Я думал, что мы будем выходить из машины и гулять, осматривая достопримечательности, но Читра сказала, что ей холодно, и отец согласился с этим. Мы несколько раз объехали вокруг Кендалл-сквер, переехали через мост Масс-авеню и повернули на Коммонвелт-авеню, украшенную лампочками и светящимися венками, а затем прокатились вокруг городского сада. Отец показал Читре золотой купол Капитолия и чудесные дома, выстроенные вдоль узких, уходящих вверх улочек Бикон-хилл. За домами находилась Массачусетская клиническая больница, куда мы с отцом так часто ездили последние месяцы перед маминой смертью. А однажды утром нас разбудил телефонный звонок, и мы сразу же помчались в больницу, приехали туда с первыми лучами солнца, когда рассвет только пробивался сквозь тучи, постепенно окрашивая небо в оранжевый цвет. Мама выглядела в точности так же, как и накануне вечером, только в комнате было совершенно тихо — все приборы были отсоединены от ее тела и выключены. Ввалившиеся глаза ее были закрыты, а щека на ощупь была прохладной, как будто она только что вернулась в комнату с холодной улицы. Но в тот момент, когда я взглянул на окна больницы, отец сказал Читре:
— А вот тут живут богатенькие американские брахманы, — и засмеялся своей шутке, а Читра повернулась к нему и улыбнулась так, что я увидел, как сильно она влюблена в него.

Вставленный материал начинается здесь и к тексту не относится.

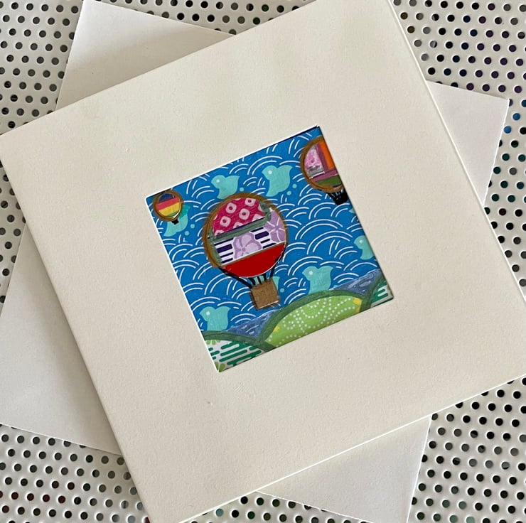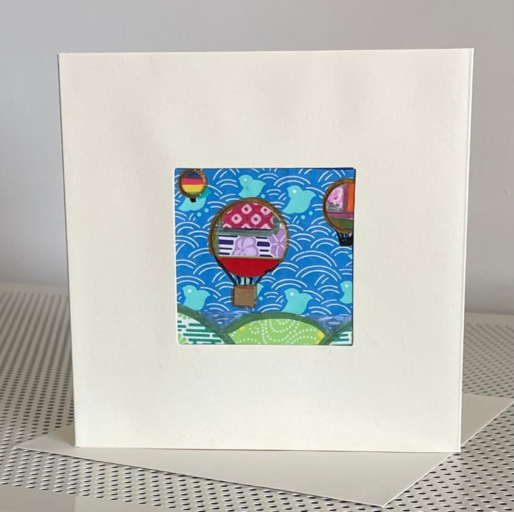 The card motif is a hand pieced collage depicting hot air balloons over the rolling Somerset hills.
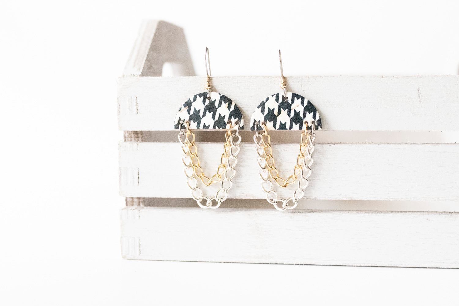 Leather Earrings / Chain Drop / Houndstooth Cork
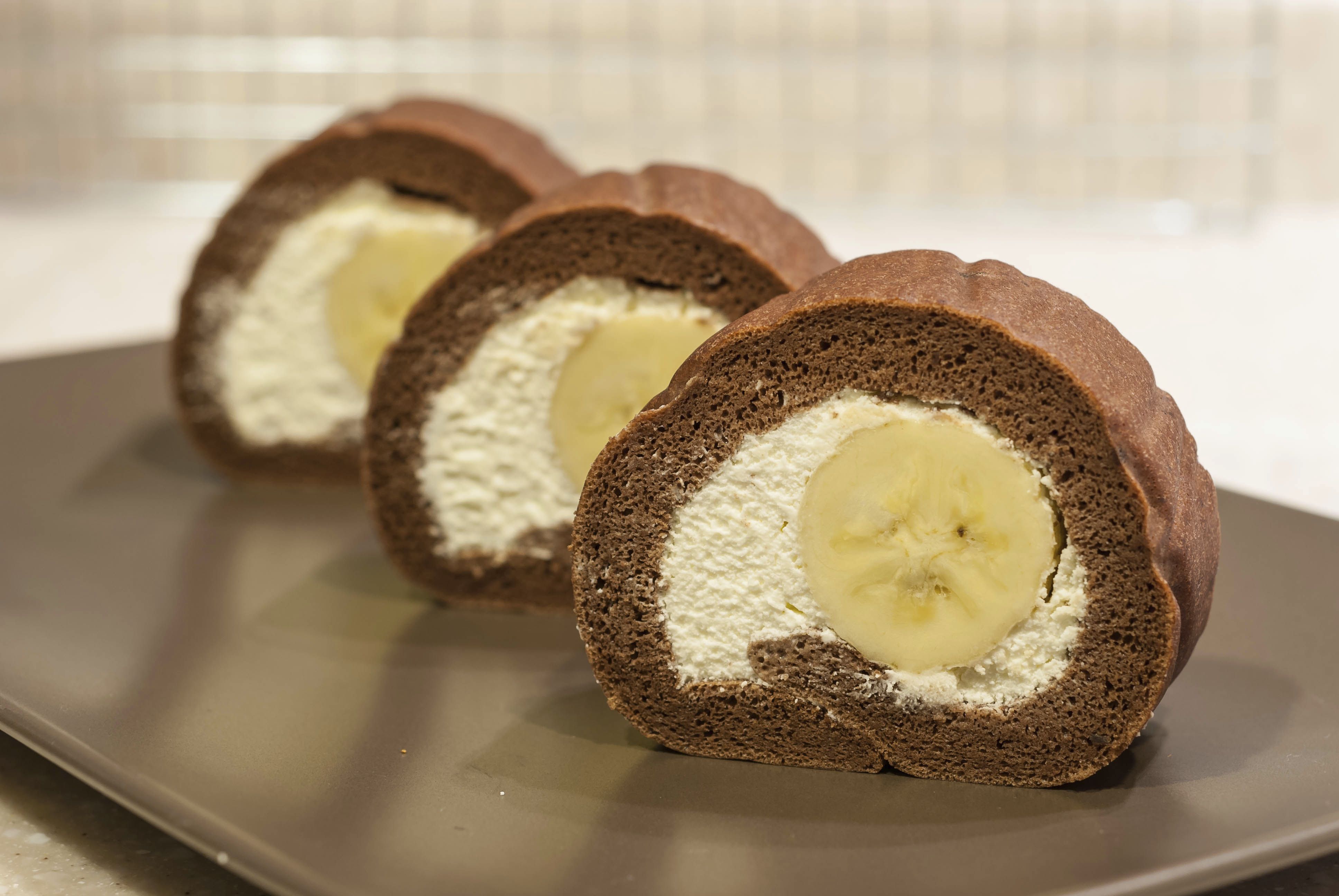 Il Rotolo al cacao, crema di mascarpone e banana è preparato con una pasta biscotto al cacao. Una vera delizia per gli amanti dell’abbinamento cioccolato-banana.

На Рождество отец подарил мне свитер и рубашку, а чуть позже выдал конверт с десятью стодолларовыми купюрами.
— Бери, пригодятся, — сказал он мне, когда я стал возражать, что он дает слишком много.
Мой отец также заказал гостиницу в Диснейленде на пять дней — это был его подарок девочкам в дополнение к игрушкам, которые они нашли под деревом.
— Хочешь, поехали с нами! — предложил отец рождественским утром, когда мы завтракали, но я отказался, придумал, что мне надо готовиться к зимней сессии. Мой отец не уговаривал меня, но Рупа и Пью страшно расстроились.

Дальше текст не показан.